REPUBLIKA.CO.ID, JAKARTA--Kinerja keuangan pasar semen domestik semester pertama tahun ini menurun lima persen menjadi 28,7juta ton. Penurunan ini adalah imbas dari anjloknya kebutuhan nasional yang mencerminkan lemahnya perekonomian dan daya beli.
CEO PT. Holcim Indonesia (Tbk), Gary Schutz mengatakan, keadaan itu ditambah belum terealisasinya proyek pemerintah, terutama proyek infrastruktur. Kebijakan pemerintah untuk menurunkan harga semen BUMN sebesar Rp 3.000 per sak pun tidak efektif.
Kebijakan yang tadinya untuk merangsang peningkatan pasar itu justru memberikan dampak penurunan laba perusahaan. Tidak hanya itu, kenaikan tarif dasar listrik dan bahan bakar juga menambah dampak pada biaya produksi dan distribusi.
Namun, proyek pekerjaan umum masih tertunda. Percepatan proses pelelangan proyek dan persetujuan anggaran pemerintah, menunjukkan prospek bisnis ke depan akan membaik pada semester kedua tahun ini. "Hal-hal yang mendasar di Indonesia tidak berubah. Saat perekonomian kembali pulih dengan terealisasinya proyek-proyek infrastruktur yang tertunda dan stimulus lainnya, jelas prospek akan membaik, dan Holcim telah melakukan perampingan untuk mengurangi biaya-biaya operasional," papar Gary dalam keterbukaan informasi di Bursa Efek Indonesia (BEI), Rabu (16/9).
Dengan keadaan ini juga, Gary menyatakan Holcim Indonesia masih mampu mempertahankan pangsa pasar sebesar 13,9 persen. Meski memang diakuinya total volume penjualan mengalami penurunan sebesar 4,9 persen.
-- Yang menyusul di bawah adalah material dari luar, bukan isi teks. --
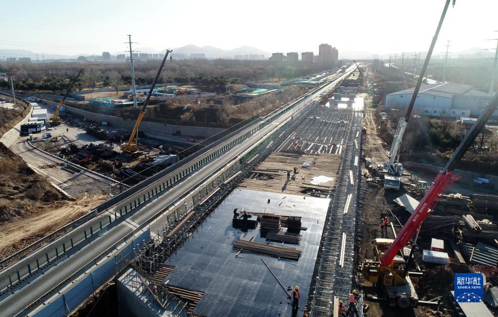 2月20日,中交路橋建設有限公司的工人在石家莊市新華區境內的北三環(huán)市政化改造項目建設工地施工(無(wú)人機照片)。

Dampaknya, dibandingkan tahun lalu perusahaan pun mengalami penurunan pendapatan sebesar 1.4 persen. Semester pertama ini keuntungan perusahaan menjadi Rp 4,86triliun
Hasil itu tercapai di tengah persaingan yang semakin meningkat. Jumlah pemain bisnis semen, kata Gary, kini mencapai hampir dua kali lipat dibandingkan dua tahun lalu. Tekanan pasar juga menjadi tantangan di mana pemerintah melakukan intervensi dalam penetapan harga. "Selain penurunan pendapatan, kenaikan biaya masih menjadi tantangan sektor industri ini," tambah gary.